Scipy 置信区间 returns 与手动计算的界限不同
Scipy confidence interval returns different bounds than manual calculation
我有来自 10 个不同人的以下数据。
df = pd.DataFrame({'id':range(1, 11),
'x':[.7,-1.6,-.2,-1.2,-.1,3.4,3.7,.8,0,2]})
print(df)
id x
0 1 0.7
1 2 -1.6
2 3 -0.2
3 4 -1.2
4 5 -0.1
5 6 3.4
6 7 3.7
7 8 0.8
8 9 0.0
9 10 2.0
我想计算总体均值 df[x] 的 95% 置信区间。
由于观测数量少,样本均值应服从自由度为 10 - 1 的 t 分布。我尝试了以下方法以计算出 95% C.I。
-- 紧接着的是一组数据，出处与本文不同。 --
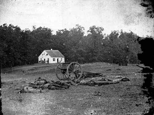 At the Battle of Antietam, Lee’s artillery would play a major part in the defense and actually play a role in defending all three sections of the Confederate battle line. By 9 a.m. Lee’s batteries had already suffered enormous casualties but following the assaults along the Sunken Road and middle of the Confederate defensive line Lee’s artillerists actually found themselves the only Confederate defending a few hundred yard line. They continued at a rapid rate firing shells into the Union ranks until the blue-clad soldiers halted their advance and infantry was rounded up to plug the gap. The now famous photo of Confederate dead in front of Dunker Church is of members of batteries commanded by Stephen Lee.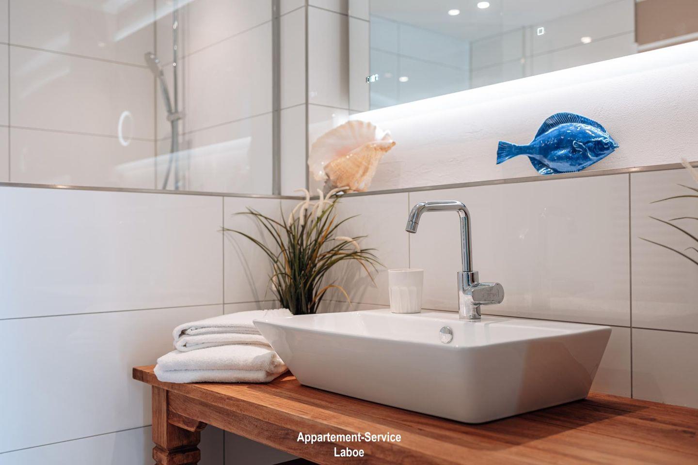 FeWo BeachHouse: 2-Zimmer-Wohnung, ca. 80?m², für bis zu 4 Personen. Wohnzimmer mit Schlafcouch, Esstisch, TV und WLAN. Schlafzimmer mit Doppelbett. Zwei Bäder mit Dusche. Voll ausgestattete Küche: Induktionsherd, Backofen, Mikrowelle, Spülmaschine, Kühlschrank mit Gefrierfach. Eigene Terrasse, gemeinschaftlicher Garten. PKW-Stellplatz inkl. Zentrale Lage, 100?m zum Hafen, Strand und Einkaufsmöglichkeiten fußläufig erreichbar. Haustiere auf Anfrage.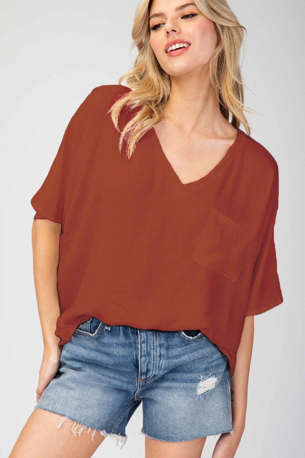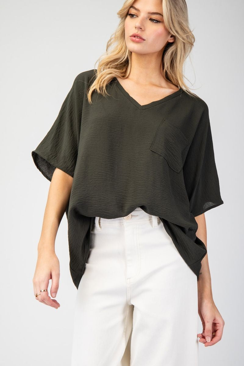 The WYNN TOP is a versatile addition to your wardrobe. Made from a high-quality woven fabric, this top features a flattering V-neckline, short sleeves, and a convenient chest pocket. Whether dressed up or down, enjoy the comfort and style of this must-have piece.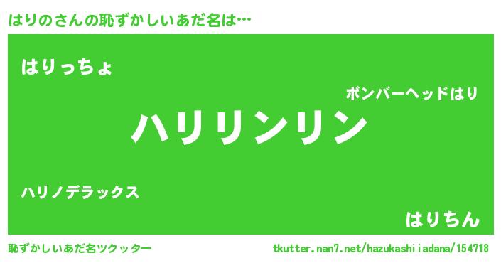 | ポケモン風あだ名 | 『ハーリイ』『ハリキング』 |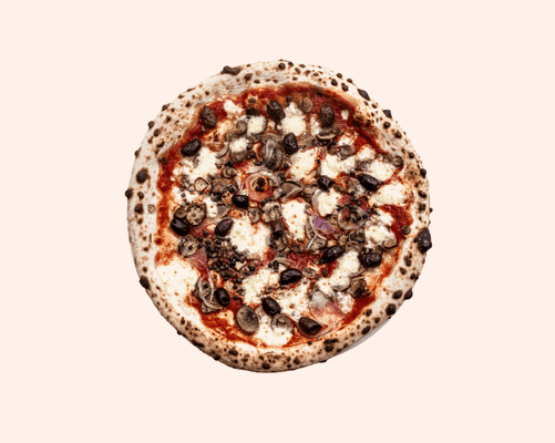 Tomato base, mushroom, red onion, capers, kalamata olives, oregano, mozzarella

使用 scipy:
# Libraries
import numpy as np
from scipy import stats
# Number of observations
n_obs = 10
# Observed mean
m_obs = df['x'].mean()
# Observed variance (unbiased)
v_obs = df['x'].var(ddof=1) / n_obs
# Declare random variable with observed parameters
t = stats.t(df=n_obs - 1, loc=m_obs, scale=np.sqrt(v_obs))
# Calculate 95% CI
t.interval(alpha=0.95)
> (-0.5297804134938646, 2.0297804134938646) ### Correct interval
这个置信区间是正确的。但是,当我手动计算间隔时,我得到了完全不同的结果。这是什么原因造成的?
# T such that P(t < T) = 0.975
T = t.ppf(0.975)
# Manually compute interval
(m_obs - (T * np.sqrt(v_obs)), m_obs + (T * np.sqrt(v_obs)))
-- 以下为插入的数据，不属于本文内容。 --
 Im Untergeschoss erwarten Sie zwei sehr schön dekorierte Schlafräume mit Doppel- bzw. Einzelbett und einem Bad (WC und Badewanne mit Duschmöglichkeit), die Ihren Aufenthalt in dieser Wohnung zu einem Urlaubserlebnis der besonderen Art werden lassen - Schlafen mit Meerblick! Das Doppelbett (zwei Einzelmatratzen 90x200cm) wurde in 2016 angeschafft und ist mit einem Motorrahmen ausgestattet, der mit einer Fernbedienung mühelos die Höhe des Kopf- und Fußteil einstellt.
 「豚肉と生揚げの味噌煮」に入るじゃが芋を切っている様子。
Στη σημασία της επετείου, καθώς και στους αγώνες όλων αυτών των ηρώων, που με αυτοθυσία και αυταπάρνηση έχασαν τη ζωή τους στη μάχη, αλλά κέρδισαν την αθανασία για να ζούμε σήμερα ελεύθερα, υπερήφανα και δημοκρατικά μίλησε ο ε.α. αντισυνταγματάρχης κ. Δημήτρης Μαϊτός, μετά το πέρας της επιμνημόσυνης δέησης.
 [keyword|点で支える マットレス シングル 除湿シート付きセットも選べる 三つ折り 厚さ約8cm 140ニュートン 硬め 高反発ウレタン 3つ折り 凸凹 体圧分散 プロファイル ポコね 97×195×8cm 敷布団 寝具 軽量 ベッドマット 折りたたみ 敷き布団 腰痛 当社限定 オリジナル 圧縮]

> (-0.3983168630668432, 1.8983168630668432) ### Incorrect interval
自从我在评论中发布答案已经两周了,但没有人相信它,所以这里是:
两个置信区间不同的原因是因为值T在t的概率分布下累积了97.5%的面积,t的均值m_obs 和方差 v_obs。也就是说,它 不是 标准 t 分布。
正确的区间可以通过简单地使T累积标准t分布概率的0.975的值来正确计算:
# Number of observations (UNCHANGED)
n_obs = 10
# Observed mean (UNCHANGED)
m_obs = df['x'].mean()
# Observed variance (unbiased) (UNCHANGED)
v_obs = df['x'].var(ddof=1) / n_obs
# Declare *STANDARD* t distribution (CHANGED!!!)
t = stats.t(df=n_obs - 1, loc=0, scale=1)
# T such that P(x < T) = 0.975 (CHANGED!!!)
T = t.ppf(0.975)
# Manually compute interval (CORRECT ANSWER)
(m_obs - (T * np.sqrt(v_obs)), m_obs + (T * np.sqrt(v_obs)))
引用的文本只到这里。